Shana King, principal of Crockett Early College High School in the Austin school district in Texas said at the briefing that she’s watched students’ upset expressions when they return for the first day of a new school year to find their prior teachers gone.
“They were expecting to see these people that they built these really strong relationships with again, and with [teachers] not being there anymore, they’ve lost some of their connections, their trust,” King said. “It also permeates to the parents and community. I have definitely seen where it builds this mistrust or it sends the message maybe things aren’t going well ... and can impact people’s perceptions of what’s happening in the building.”
Understanding these school connections can help leaders protect them during periods of staffing instability. It can be helpful to ask teachers in exit interviews about any activities and working groups under their purview, as well as students and families the teacher has worked closely with, and reach out to them quickly.

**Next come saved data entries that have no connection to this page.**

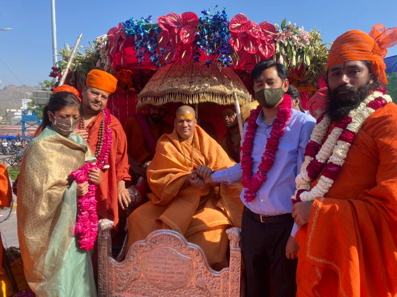 मेलाधिकारी दीपक रावत ने शुक्रवार को तुलसी चौक पर निरंजन पीठाधीश्वर आचार्य महामंडलेश्वर स्वामी कैलाशानंद गिरि महाराज की शोभायात्रा का स्वागत किया।
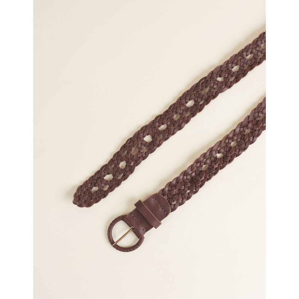 Cinto em couro trançado, que adiciona textura e personalidade ao visual. Possui regulagem por fivela encapada em couro, garantindo acabamento uniforme e um toque sofisticado ao modelo.
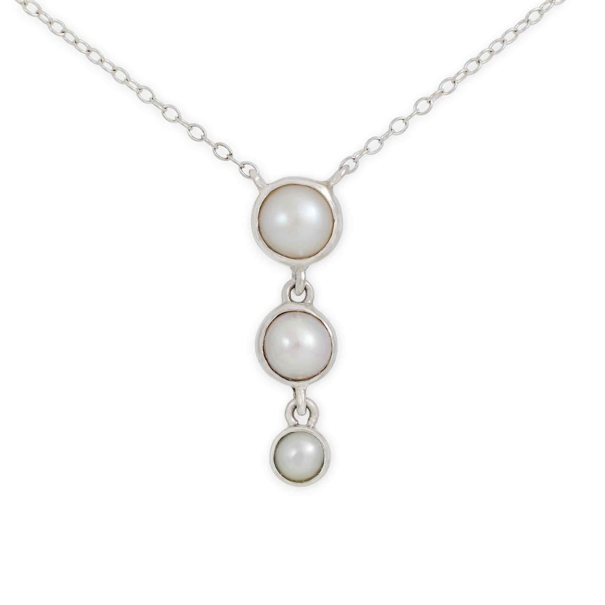 Graceful and timeless, our Sterling Silver Triple Pearl Drop Necklace embodies modern simplicity and classic elegance. Three lustrous pearls hang vertically in perfect harmony, their soft glow enhanced by clean silver lines. The minimalist setting highlights the organic beauty of each pearl, creating a design that feels balanced, refined, and effortlessly chic.
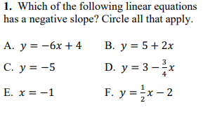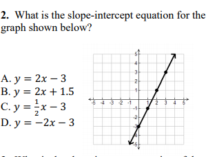 Write the equation in slope intercept form. SHOW ALL WORK (finding slope, intercept, and writing equation)
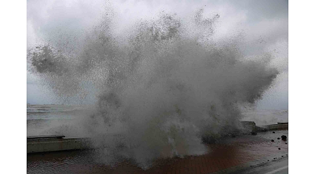 Fırtınanın etkili olduğu Karadeniz'de boyu 8-9 metreyi bulan dev dalgalar oluştu. Dalgalar sahili taş doldurdu, çevreye zarar verdi.
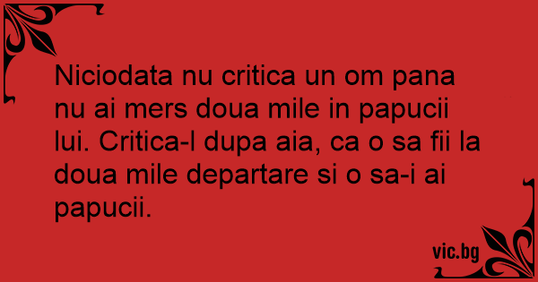 Niciodata nu critica un om pana nu ai mers doua mile in papucii lui. Critica-l dupa aia, ca o sa fii la doua mile departare si o sa-i ai papucii.
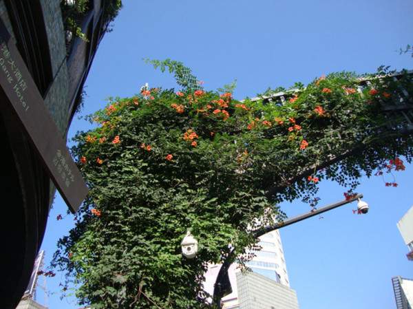 凌霄長勢非常快,應(yīng)用于棚架在較短的時間內(nèi)就能起到遮陰的作用,其紅花綠葉,是夏季一道亮麗的景觀,人們在棚下休憩,倍感清爽。
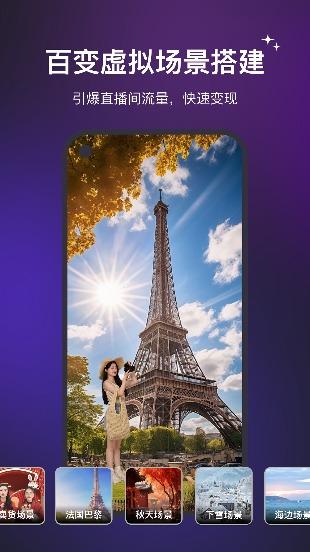 2. 内置轻量级虚拟摄像头与绿幕抠像功能,实时替换背景;
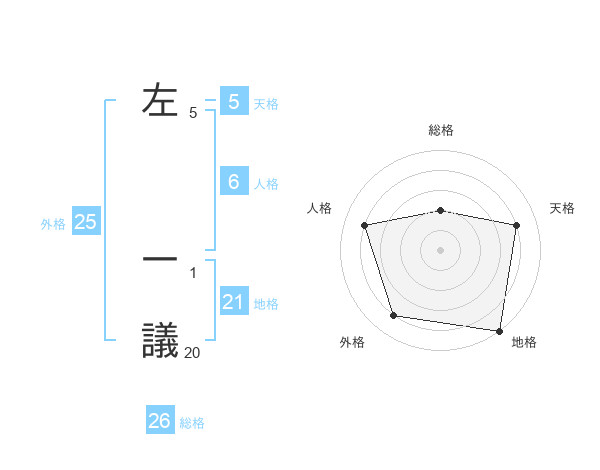 左 一議さんの総格は26画の2点!
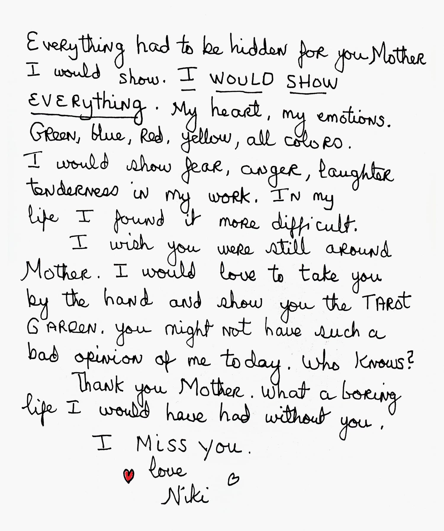 The person who emerges is open, driven, and often remarkably perceptive about who she is and why. "One of the reasons very little has been written on my work is that I am difficult to categorize," the artist writes in a draft of her text "Niki by Niki." It's lucky, then, that she has left so much writing herself.
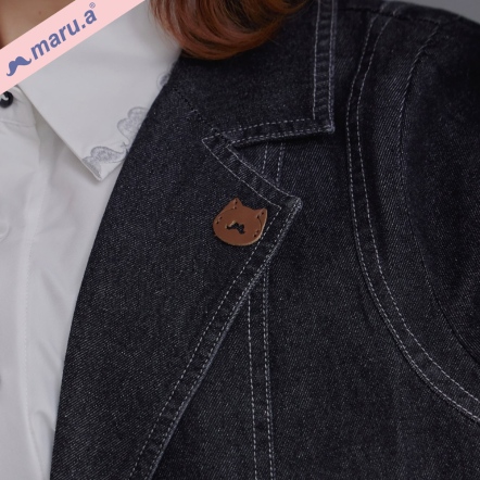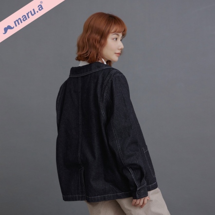 【maru.a】微正式感車線配色西裝式丹寧外套👜(2色)-黑色 23922512
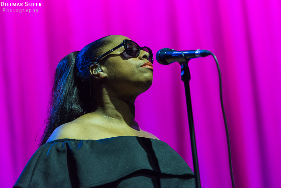 Jetzt nach fast drei Dekaden wollte ich es noch einmal wissen. Kann sie es besser als damals? Ihre Stimme war ja immer schon außergewöhnlich und mit einem hohen Wiedererkennungswert, aber ist die 52-jährige heute noch in der Lage mit ihrer Musik die Fans zu begeistern und von den Stühlen zu reißen? Im Capitol Theater, ebenfalls wieder in Düsseldorf, trat sie mit einer 9-köpfigen Band vor einer wenn auch kleineren aber mit 1250 Besuchern restlos ausverkauften Location auf. Dass eine kleinere Location klare Vorteile haben kann, hat der Abend eindeutig gezeigt. Der Zuschauer ist halt deutlich näher am Künstler!
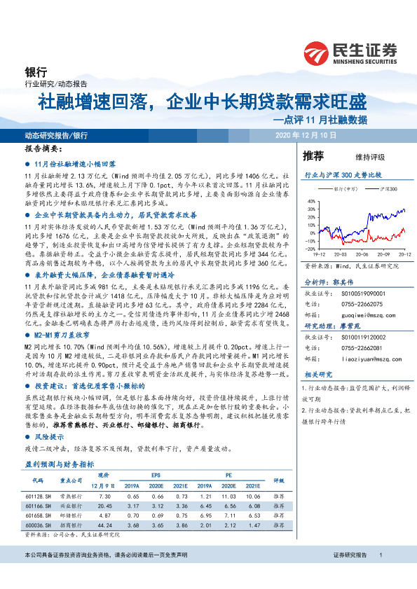 【民生证券】【20201210】银行点评11月社融数据:社融增速回落,企业中长期贷款需求旺盛-9页
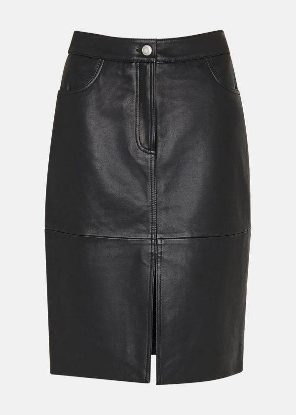 Expertly crafted from premium responsible leather, this sophisticated midi skirt makes a stunning statement piece for your wardrobe. Designed for elegant evening wear and special occasions, the timeless black silhouette features a flattering midi length with a dramatic front split that adds modern sophistication. Pair effortlessly with crisp white tees or your favorite cozy knits for versatile styling options.
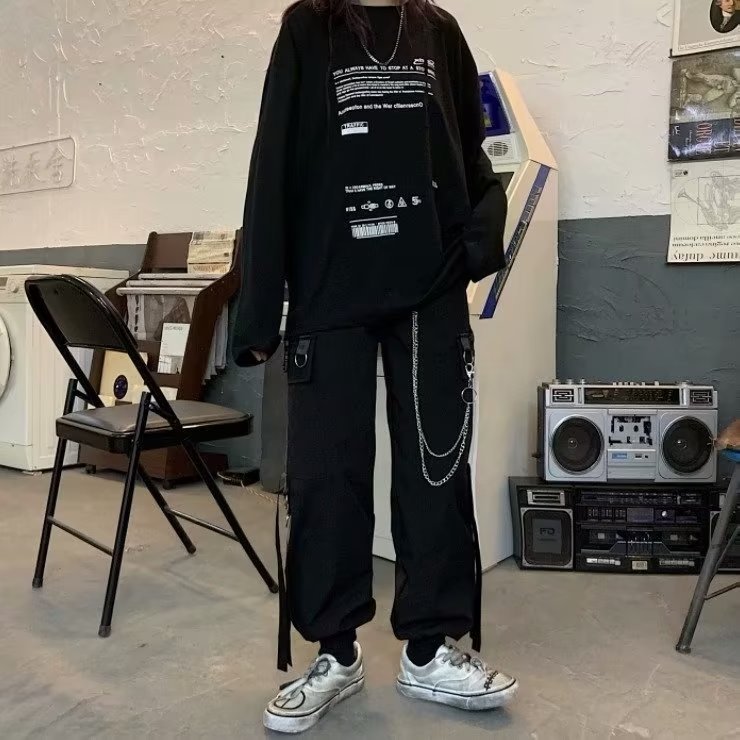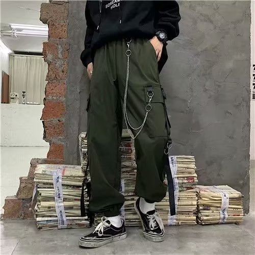 스트레이트 교수형 체인 트렌디 한 브랜드 느슨한 캐주얼 바지 가을 청소년 인기 커버 바지 유행 다리 바지 단색 새로운 도착 남성스토어 가기
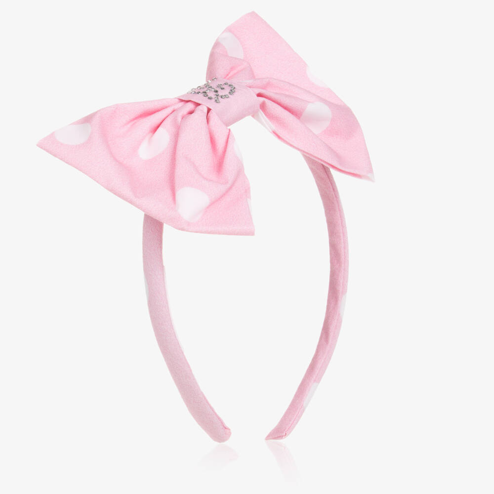 Pretty pink and white polka dot hairband for girls by Balloon Chic. The slim, flexible band is covered in cotton poplin and has a matching fabric bow with a diamanté logo in the centre.
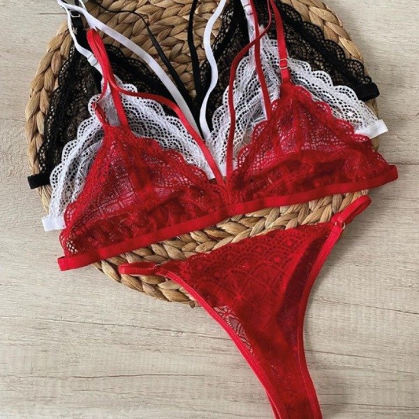 Conjunto confeccionado en puntilla elastizada. Bralette simple, sin colecta y colaless regulable.
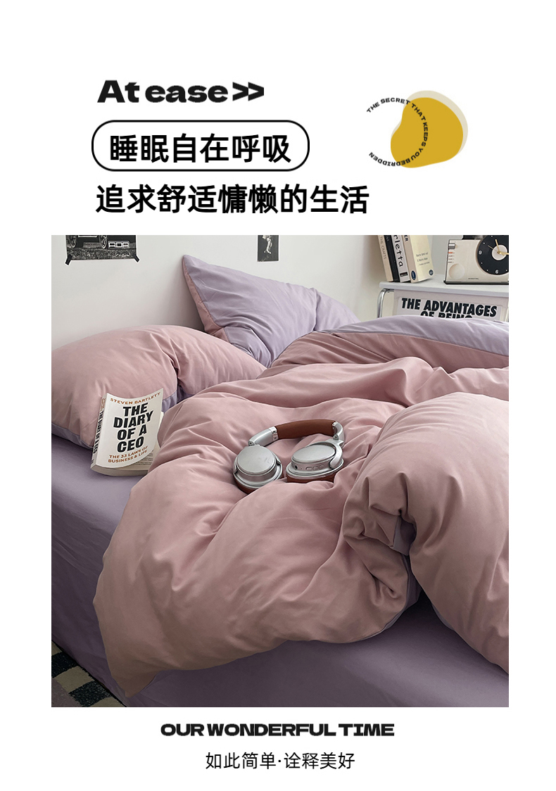 (总)贝拉梦家纺 2025新款纯色磨毛双拼亲肤棉四件套,暗黑骑士,半熟青柠,蓝色星河,奶油香草,乌梅子酱
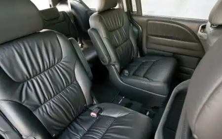 В интерьере повеяло будущим. Красочная приборная панель и руль в стиле «космолёта» Civic, угловатые дефлекторы обдува, традиционная для Хонды свалка мелких кнопок и маленьких дисплейчиков — семиместный космический корабль! Ко всему прочему японцы пересмотрели компоновку салона, расположив три ряда сидений литерой V, чтобы сидящим сзади было удобнее наблюдать за дорогой. А новые сиденья среднего ряда освободили пассажирам галёрки дополнительные 60 мм в коленях.
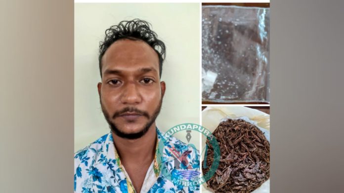 ಕುಂದಾಪುರ: ಉಡುಪಿ ಜಿಲ್ಲಾ ಪೊಲೀಸ್ ಅಧೀಕ್ಷಕ ವಿಷ್ಣುವರ್ಧನ್ ಎನ್ ರವರ ನಿರ್ದೇಶನದಲ್ಲಿ, ಹೆಚ್ಚುವರಿ ಪೊಲೀಸ್ ಅಧೀಕ್ಷಕ ಕುಮಾರಚಂದ್ರ ರವರ ಮಾರ್ಗದರ್ಶನದಲ್ಲಿ ಕುಂದಾಪುರ ಪೊಲೀಸ್ ಉಪವಿಭಾಗದ ಉಪಾಧೀಕ್ಷಕ ಶ್ರೀಕಾಂತ್ ಕೆ ರವರು ಅ.21ರಂದು ರಾತ್ರಿ ಕರ್ತವ್ಯದಲ್ಲಿದ್ದ ಸಮಯ ಕುಂದಾಪುರ ಶಾಸ್ತ್ರೀಪಾರ್ಕ್ ಬಳಿ ಅನುಮಾನಸ್ಪದವಾಗಿ ಕಂಡು ಬಂದ ಮಹಮ್ಮದ್ ಜಾಫರ್ ಗುಡುಮಿಯಾ, (28 ವ) ಕಾರವಾರ, ಎಂಬವನನ್ನು ದಸ್ತಗಿರಿ ಮಾಡಿ ಒಟ್ಟು 1 ಕೆ.ಜಿ 800 ಗ್ರಾಂ ತೂಕದ ಗಾಂಜಾ ಅಂದಾಜು ಮೌಲ್ಯ 40,000 ರೂಪಾಯಿ ಹಾಗೂ ೦೧ ಗ್ರಾಂ ಬ್ರೌನ್ ಶುಗರ್ ಅಂದಾಜು ಮೌಲ್ಯ 10,000 ರೂಪಾಯಿ, 2 ಮೊಬೈಲ್ ಫೋನ್, 1,500 ರೂಪಾಯಿ ನಗದನ್ನು ಸ್ವಾಧೀನಪಡಿಸಿಕೊಂಡು ಕುಂದಾಪುರ ಪೊಲೀಸ್ ಠಾಣೆಗೆ ಹಸ್ತಾಂತರಿಸಿದ್ದು ಕುಂದಾಪುರ ಪೊಲೀಸ್ ಠಾಣೆಯಲ್ಲಿ ಪ್ರಕರಣ ದಾಖಲಾಗಿದೆ. ಈ ಕಾರ್ಯಚರಣೆಯಲ್ಲಿ ಕುಂದಾಪುರ ಪೊಲೀಸ್ ಉಪಾಧೀಕ್ಷಕರ ಕಛೇರಿಯ ಅಪರಾಧ ವಿಭಾಗದ ಸಿಬ್ಬಂದಿಯವರಾದ ರಾಘವೇಂದ್ರ ಉಪ್ಪುಂದ, ರಾಮು ಹೆಗ್ಡೆ, ವಿಜಯ ಕುಮಾರ್, ರಮೇಶ ಕುಲಾಲ್, ಕುಂದಾಪುರ ಪೊಲೀಸ್ ಠಾಣೆಯ ರಾಘವೇಂದ್ರ ಮೊಗೇರ ಮತ್ತು ವಿಜೇತ್ ಹಾಗೂ ಜೀಪು ಚಾಲಕರಾದ ರಾಜು ಭಾಗವಹಿಸಿದ್ದರು.
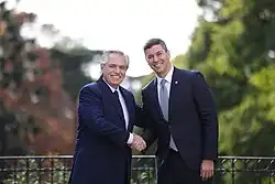 - ↑ «Milei recibió al presidente paraguayo Santiago Peña». Télam. 9 de diciembre de 2023. Archivado desde el original el 2 de marzo de 2024.
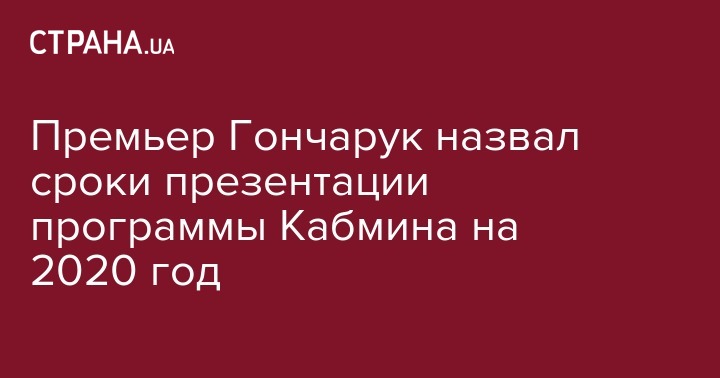 Кабинет Министров собирается презентовать программу своей деятельности на 2020 год в период 30 сентября - 6 октября. Об этом в время брифинга сообщил премьер-министр Алексей Гончарук, передают "Украинские новости".
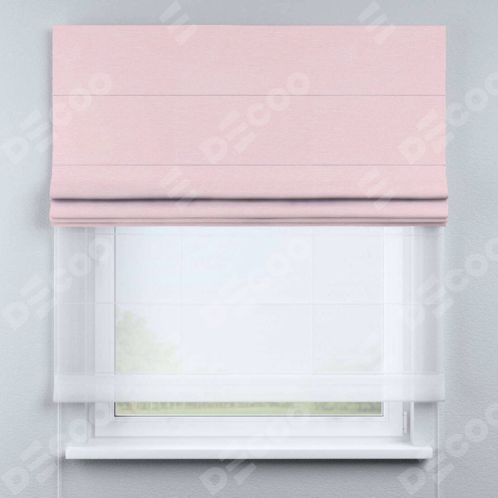 Римская штора день-ночь производителя «Cortin», используется для проёма, пошита из двух полотен, с лицевой стороны блэкаут однотонный розовый артикул 83046, вторая ткань тюль (по стандарту комплектуется тюль белого цвета артикул V-01). Имеет универсальный механизм и подходит для монтажа: на потолок, на стену и в нишу.
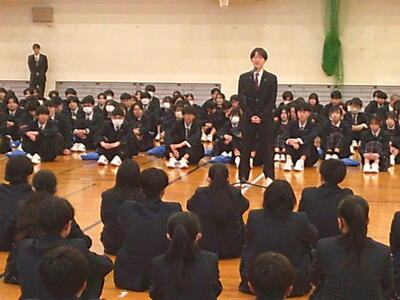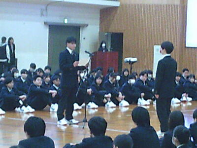その後、対面式を行いました。生徒会長の藤田さんのことばに対して、1年生の桑原田さんもしっかりとことばを返していました。
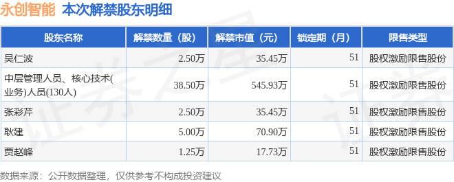 证券之星消息,根据市场公开信息整理,永创智能(603901)于1月7日将有49.75万股限售股份解禁,为公司股权激励限售股份,占公司总股本0.1%。(本次数据根据历史公告整理得出,实际情况以上市公司最新公告为准)最近一年内,该股累计解禁144.42万股,占总股本的0.29%。本次解禁后,公司还有989.64万股限售股份,占总股本1.99%。具体如下图所示:
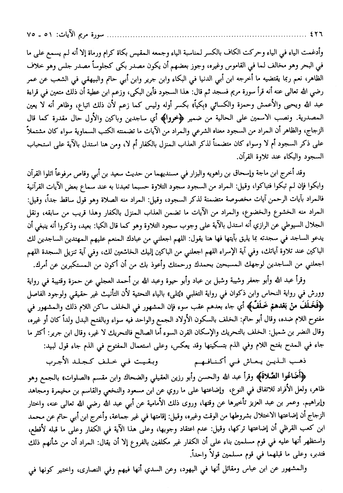، وقيل: المراد من السجود سجود التلاوة حسبما تعبدنا به عند سماع بعض الآيات القرآنية فالمراد بآيات الرحمن آيات مخصوصة متضمة لذكر السجود، وقيل: المراد منه الصلاة وهو قول ساقط جدا، وقيل:
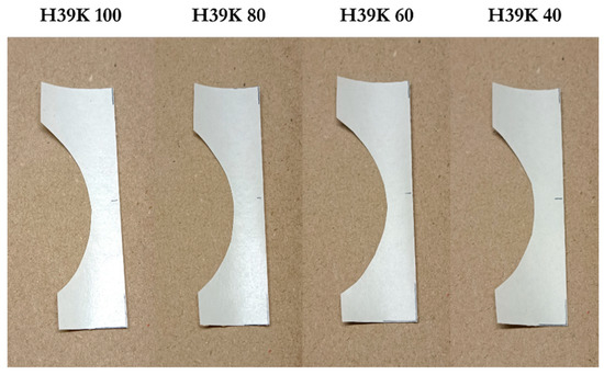 Specifically, stripes were attributed to the wire wound on the K-Bar, as confirmed by SEM micrographs. Indeed, Figure 2b was analyzed with ImageJ in 15 different points, measuring the average peak distance of the grooves. The results report a 150 ± 6 μm average distance, which corresponds to the diameter of the wire wound on the K-Bar. Such phenomenon disappears as kaolin is added to the formulations, showing how it is related to the pure latex. It must be noted how, in general, H39K 100 and H40K 100 coatings are sticky—regardless of their Tg—possibly leading to blocking when processed in an industrial plant.
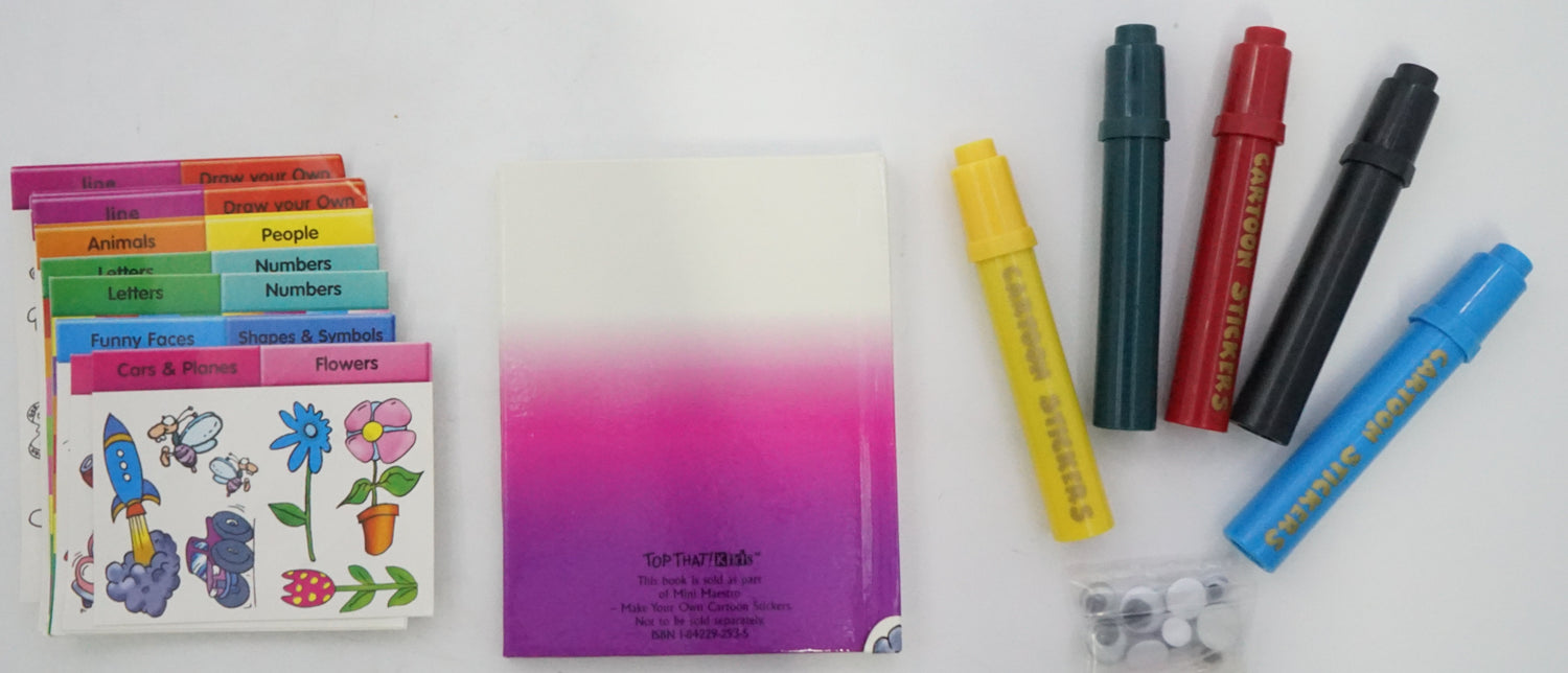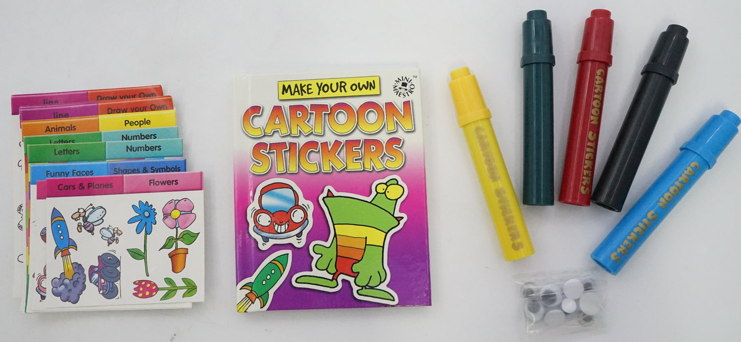 The kit includes five colouring pens, self-adhesive goggle eyes, 36 line-art stickers, 179 colour stickers and blank sticker paper.

School leaders also should work to maintain positive relationships with outgoing teachers, King said—particularly those who leave because they retire or have been promoted. “They’re often the ones out there recruiting on our behalf and sharing the positive things that they can about our school,” she said.
4. Don’t add more to remaining teachers’ plates.
The researchers observed monthly improvement meetings among teachers at all of the schools. They found teaching teams became significantly less productive when turnover rose, because of the constant need to bring new teachers up to speed.
As vacancies increased, the teachers that remained steadily took on more responsibilities: covering classes during their planning periods, handling additional paperwork, and training new colleagues. Reforms that required thoughtful planning and collaboration, such as choosing a new curriculum or looking for trends in student achievement data, often got delayed.
“It was a really unrecognized burden upon those teachers,” Holme said. “In really high-turnover teams, these leaders would feel very exhausted and it could really lead to burnout when they were constantly answering questions, helping support [new members] ... and trying to educate long-term substitutes about what’s going on.”
69ý weathered the turnover better, researchers found, when they had processes in place to preserve the institutional memory of teaching teams, such as keeping written meeting notes, lesson plans and practices, and setting aside more time for teacher collaboration.
And sometimes, it’s better to formally delay implementation of school reform initiatives during unstable staffing periods rather than let implementation limp along via overburdened teachers.
“In schools where there is a lot of turnover, it’s best to hold other things constant to the extent possible,” Jabbar said, “not trying out new curriculum or new practices and reforms in schools when there’s so much turmoil in the teaching staff.”